Few would doubt the strength of family ties in Switzerland’s Naef Group, a second-generation underfloor piping and drinking water technology firm.
Sarah Näf, the group’s chief financial officer, joined the 31-year-old family business “as a secretary” in 2001. Her father, Naef’s founder, imbued a sense of independence in his children early.
“We all began our careers by working for other companies,” says Näf, an economist whose professional life began in Zürich with insurance firm Swiss Life.
“My father told us if we wanted to join the business we had to learn something else.”
Näf says she and her brother Ramon, chief executive, have flourished through their parents’ vision. The group has enjoyed 16 years of growth via a patient blending of next-generation skills and old-guard wisdom.
“It will take 10 years before the third generation comes aboard and we will look to diversify through their know-how,” says Näf.
“But they will have to bring something new to the game.”
Davis calls this type of next generation member an “intrapreneur” – a family member who develops a business unit that can stand alone while getting a taste of going it alone.

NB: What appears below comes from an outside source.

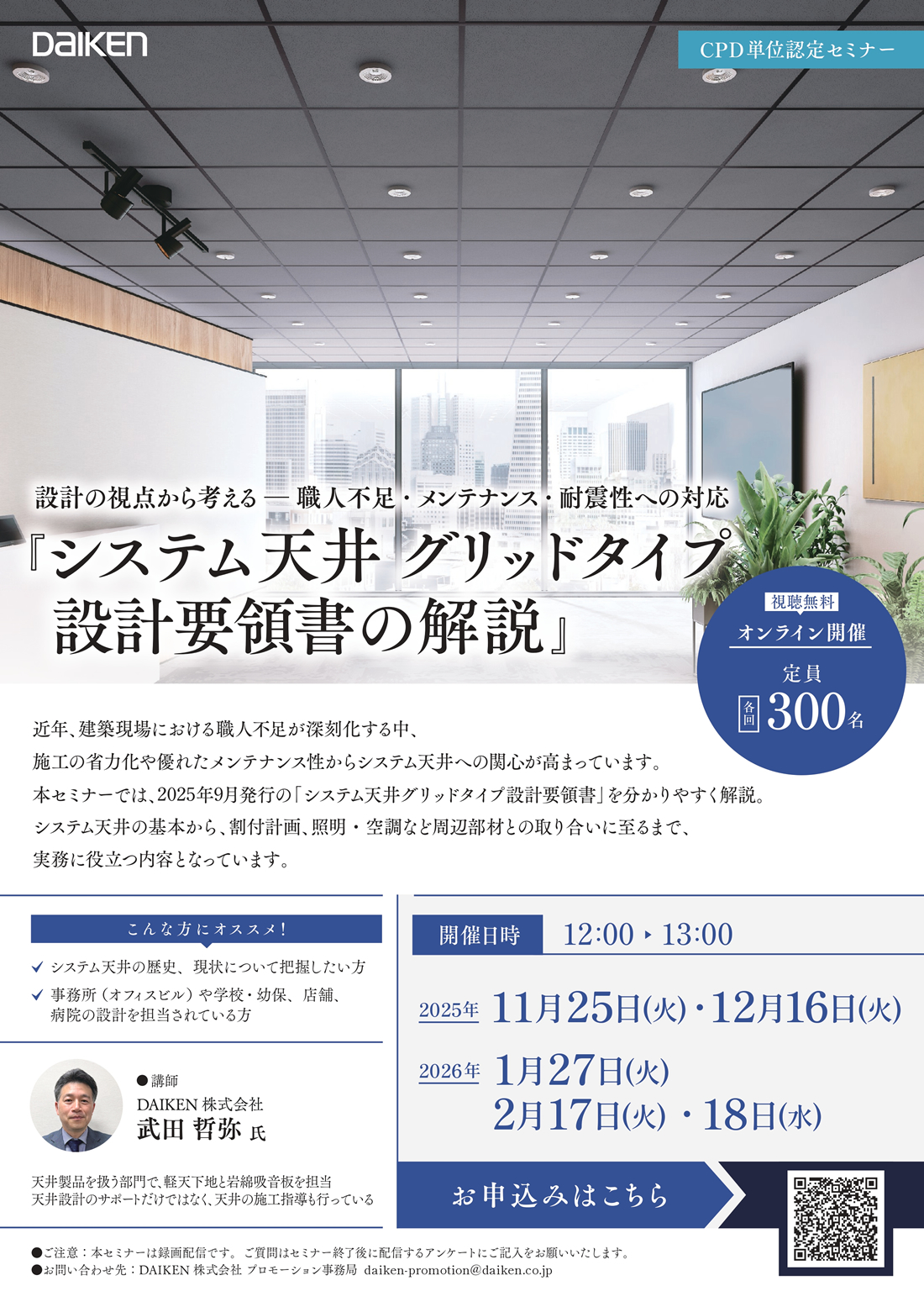 【DAIKEN】「システム天井グリッドタイプ設計要領書の解説」セミナーのご案内 公開日: 2025年11月14日 DAIKEN株式会社よりのご案内です。 添付ファイル 「システム天井グリッドタイプ設計要領書の解説」セミナーご案内.pdf

“It could have its own P&L,” says Davis.
“For a next generation to add value, they at least have to update the existing business.”
But there are horror stories. Hall tells the tale of a scion drawn from his dream job outside the family firm to replace a chief executive at a US retailer.
“The son stepped in because he thought he needed to,” she recounts.
“Two years later, with all the turmoil within the company, the man had a nervous breakdown and had to quit.”
The notion today’s next generation are entrepreneurial, fiercely self-determining, and spoilt for career choices need not sound alarm bells in family firms keen to remain that way. On the contrary, says Hall. Properly guided, their value-add potential is huge.
“Families are morphing to provide mechanisms to allow that entrepreneurial spirit to be nurtured,” she says.
“They are letting the next generation diversify product lines. They are giving them money to invest, and quite frankly, they are letting them fail in small ways – to learn – before it becomes larger.”